The Interest coverage ratio is defined as the ratio which shows the ability of the company to pay
the interest on the outstanding debts of the company in the particular period of time. The formula
for calculating the interest coverage ratio is earning before interest and tax divided by the interest
expense (Machfoedz et al., 1994).
The interest coverage of the company in 2015 is 12.49 times whereas the industry financial
average has 3.85 (Please refer Figure 1). It shows that the interest coverage of company is far
higher than the industry financial average which reflects the ability of the company to pay its
current interest from the available earnings is higher than the industry financial average.
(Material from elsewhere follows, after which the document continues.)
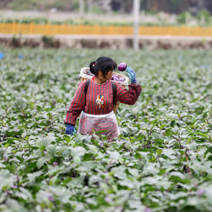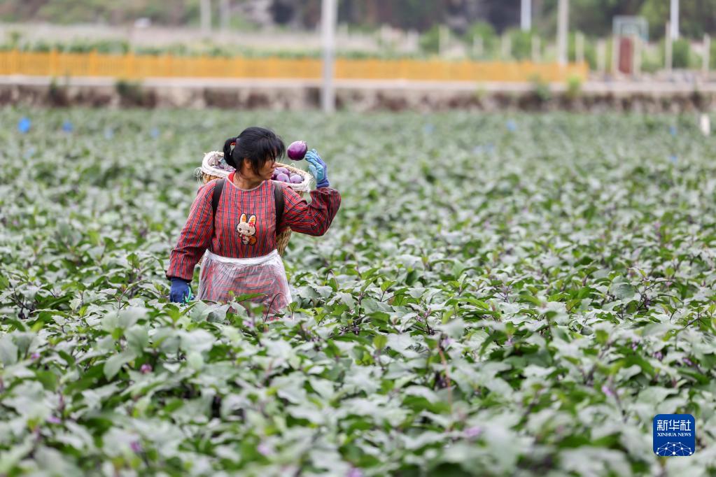 5月9日,貴州省黔南布依族苗族自治州羅甸縣龍坪鎮羅化村村民在采收蔬菜。
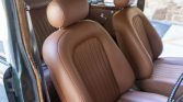 Cabin finishes include brown upholstery on the seats aLompanied by matching door panels and wood trim. A period radio is retained in the center stack, and a Sony CD stereo has been mounted under the dashboard. Further additions included the installation of an ignition kill switch, a Brantz rally meter, and a fire extinguisher mounted alongside the front passenger seat.

The
interest coverage ratio of the company significantly increases due to increase in earnings before
interest and tax which is due to decrease in cost of goods sold and interest expense in 2015.
Both the above measures shows that the capital structure of the company is having high
contribution of debt due to which company is bearing higher risk and the interest coverage ratio
shows that the company is having higher capability of paying its current interest as comparison
to the industry financial average (Bahng et al., 2012).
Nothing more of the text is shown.